So, by understanding the distribution of data collected from a site versus how it was collected from other sites can really help us target potential sites that have issues. So, one of the views that would help us with this is a way to actually compare the similarity between subjects at a given site in terms of Euclidean distance, here we're just doing a pretty straight distance metric, and often the investigators, if there is fraud, if they are intentionally fabricating data, most of them now are not, are smart enough that if they want to do it, that they don't just copy the data.

They might tweak it a little bit, change it a little bit. And we want to be able to detect that too. So we don't want that to slide through and that's really again, looking at sites that potentially have very little variability at them. Or subjects that look almost identical based on their similarity measures.

So these are just some easy views that take advantage again of that central data. Another key kind of component and straight forward analysis for detecting issues with data quality in terms of fraud is looking for duplicate or triplicate data across findings measurements. So one of the things you could do for example is looking at the vital signs.

You can look for triplicates of subjects that have the exact same heart rate diastolic and systolic blood pressure. It might not be unusual for one lab measurement or one findings measurement to be exact, but when the entire test, set of tests are identical across patients at a site, then we worry that either there's been a data quality issue where the same line got reproduced or someone has actually gone in and reproduced that and fabricated that data.

So again, quick distributions, quick ways to summarize that, and drill down into understanding the quality of the data from that site are key. Another kind of, type of fraud that we can look at instead of assuming there is investigator fraud where they may be fabricating data. We can also try to interrogate patients.

So patients that perhaps the drug has a recreational component to it that certain patients might go to several sites and try to enroll multiple times, so we can try to detect that as well through some simple things like looking at birthdays and initials. So using some of the demographic information that's collected we can try to find that take measures against that early in the trial.

Alright so now I'm lead into fraud is really just one component and one specific case of data quality in a clinical trial. There's a lot more to it and again, fraud is rare but data-quality issues exist no matter what. No matter how honest you're trying to be, sites, it's an enormous amount of data and we don't want to live in this world where we have to rely on onsite 100% source document verification.

Because it's simply not feasible with the size and the complexity of our trials these days, that the component in terms of the cost is outrageous. It can be up to 30% of the cost of a trial. And so what we really want to push for is, yes, trials need to be monitored, but that doesn't mean 100% source verification, instead you can apply statistical approaches to interrogate the risk for potential sites and target those sites that may need further visit or further study.

So, really pushing this can not only increase the efficiency and save us costs, but I think it can make it more accurate, and increase the quality of the data. Again, it's difficult to find issues and some of those issues might not even be important to the trial, like Eric mentioned, 100% source data verification, it gives equal importance to all the data.

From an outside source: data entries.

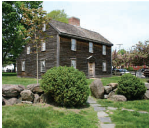
John Adams birthplace

The National Park Service has launched a new on-line travel itinerary on the American Presidents. The American Presidents itinerary is the 47th in the National Park Service's ongoing Discover Our Shared Heritage Travel Itinerary Series. The series promotes public awareness of history and encourages visits to historic places throughout the country.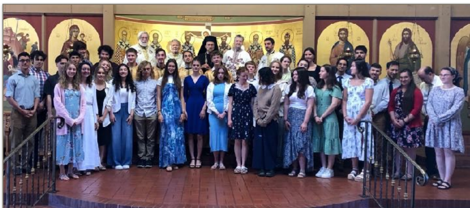
Participants of the Bay Area CrossRoad Program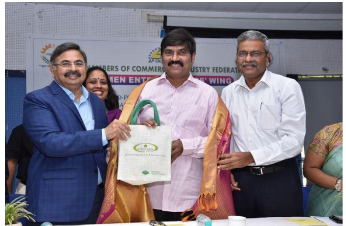
Inaugurated the Seminar on 'Agro-Food Processing Exports from Andhra Pradesh – Growth Opportunities' organised by AP Chambers of Commerce & Industry Federation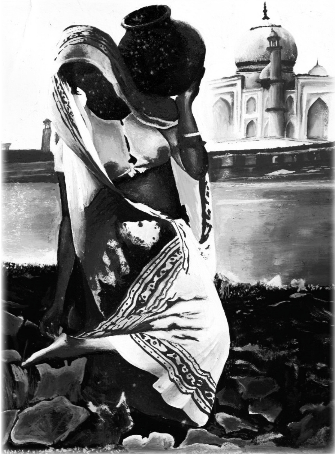
Northern Plight Pencil on paper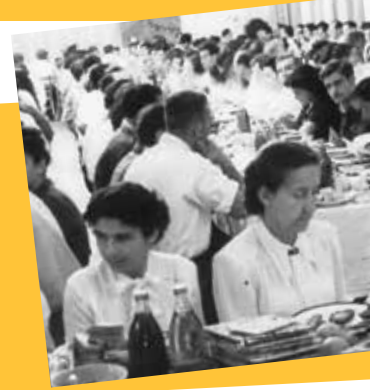
APRIL 1948 GAN-SHMUEL PASSOVER

been living in this beautiful country for more than thirty years. For me, Passover will always be a holiday of hope and faith.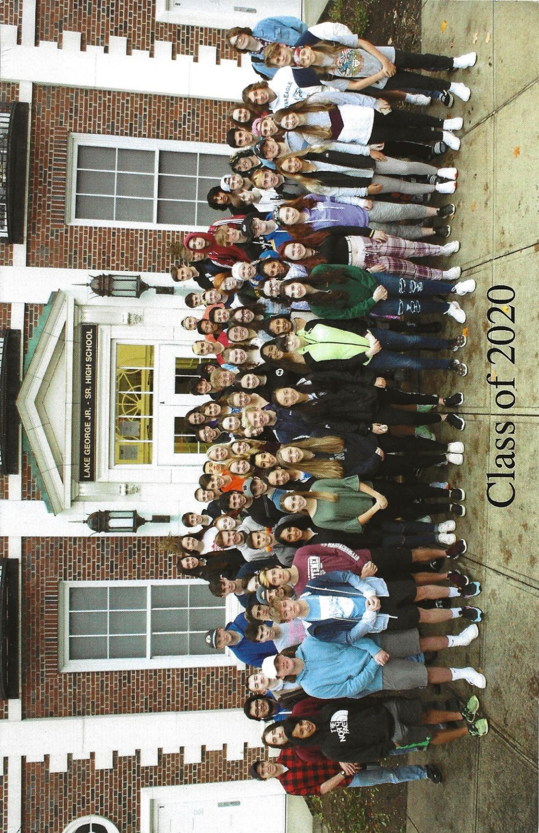
Class of 2020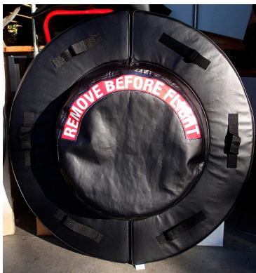
A-10 Exhaust Plug/Cover

The Engine Inlet Plugs are custom fit for your Fairchild A10 Thunderbolt intakes, made with heavy-duty vinyl material, and stuffed with a single block of sculpted urethane foam. Each plug has a zipper that allows the foam to be removed and dried if necessary. Engine plugs have 'remove before flight' streamers sewn onto the face of the plugs. Most plugs are imprinted with the aircraft registration number in black for an extra charge. Storage bag NOT included. Engine plugs may be inserted after flight when the engine is still warm. Engine Inlet Plugs are commonly referred to as Cowl Plugs, Intake Plugs, Cowl Blocks, Engine Blocks, and Engine Bungs.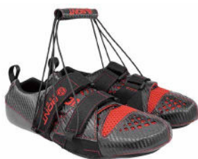
Bont Rowing shoes Sizes 36-53 available, but they are smaller than normal, so order 1 or 2 sizes larger.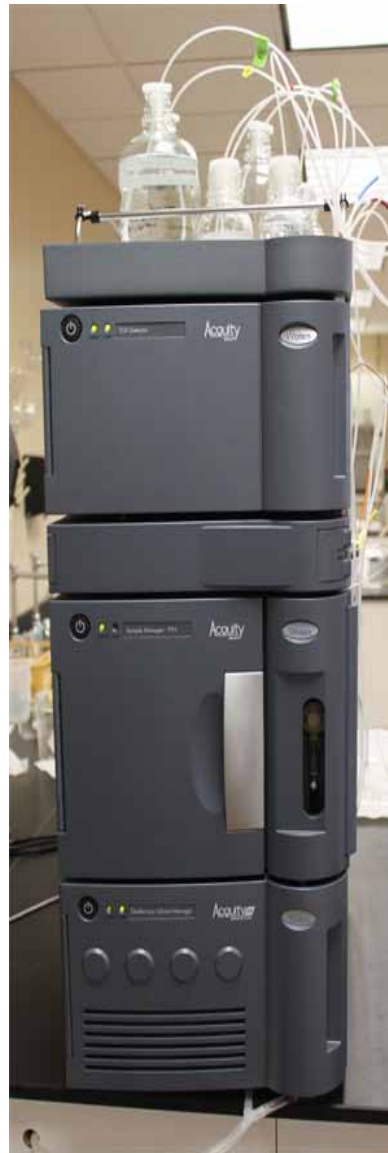
HPLC Testing Machine - Outside

So if someone come in and they mis-recorded the age of a patient, that's given the equal weight when they're reviewing the data and they have to look at a piece of paper for that, as it would be of whether or not they have a signed, informed consent, and it's much more important to trial if they don't have a signed, informed consent. So again that's kind of the real impetus of risk based monitoring, it's not just the cost saving, but it's the increase in the quality that we can get.

So again the FDA guidance really kind of is relying on the evolution of both the trial complexity and the evolution of, software tools and electronic data capture systems and the technology that we all now live in. And it is now their recommendation that when it is appropriate risk based monitoring can be applied successfully and at times can pick up over 90% of the findings just from a central monitoring alone.

You can mix that in with targeted on-site monitoring to really efficiently understand the quality and ensure the integrity of our trial. So, as Eric had mentioned, one of the big initiatives right now is the Transcelerate Group, and they've released a set of algorithms straight forward to implement, based on creating indicators of risk that you can incorporate into your data quality, data management system in order to quickly review the data based on certain indicators that are coming in from the sites to know whether or not you need to target that site for further study and further visits.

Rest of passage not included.